I have recently purchased a farm that has been used for cattle pasture for decades. There is around 20 acres of pasture that contain primarily Honeylocust trees. My best guess is that there are around 1000 honeylocust trees in this pasture and we want to remove all the honeylocust and convert the fields into food plots (soybean, corn, radishes, sugarbeets, winter wheat, clover), small fruit orchard, and native grasses for the upcoming hunting season. what is the most effective and efficient approach to removing these trees? I would prefer to remove the trees mechanically, i.e. with a bulldozer or cut the trees and dig out the stumps with a bobcat, but I am concerned about root sprouts. We could also cut the trees and treat the stump with Triclopyr, and delay removing the stump, but that may not be practical if we have to wait too long for the treatment to be effective. Its important to note that we will start removing the trees within a week or two, so it will be done during dormant season. are the questions I'm struggling with:

-since we are preparing the land for wildlife habitat, deer in particular, are root sprouts necessarily a bad thing?
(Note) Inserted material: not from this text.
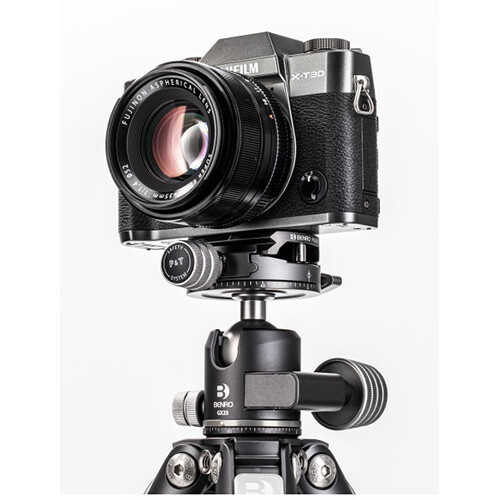 The GX25 ball head is a low-profile head featuring dual panoramic mode, which allows panning head from its base and also from the quick release platform. The controls are simple, with ball friction adjustment built into the main lock knob, plus an independent pan lock. It includes a PU56 quick release plate and features a quick release plate safety lock.

I've heard deer eat the sprouts, but I'm concerned that there will be too many sprouts. -should we expect rootsprouts if we bulldoze or cut and remove stumps immediately? -if we cut and treat the stump, how long should we wait for the treatment to take effect before removing the stump given its the middle of winter? - Do you have any other ideas or see anything I am missing?

Thank you for any help you can provide.

Extension Message
From: Jay Hayek
Extension Specialist, Forestry
Department of Natural Resources and Environmental Sciences
Hi Daniel:

Thanks for the positive feedback!

Yeah, felling a thousand honeylocust (Gleditsia triacanthos) trees is definitely not something that I would like to undertake. Therefore, I believe your best bet is mechanical removal with a dozer blade or backhoe. You may get "some" root sprouts, but nothing compared to what you would observe with black locust (Robinia pseudo acacia). And yes, deer will definitely browse the "succulent" young stump sprouts.

If you do opt to remove some of the honeylocust trees via chainsaw, just make sure to treat the stumps with a woody herbicide such as Triclopyr, Glyphosate, or Picloram. This is a good winter job and these herbicides work during the dormant season as well as the growing season.

Best of luck to you!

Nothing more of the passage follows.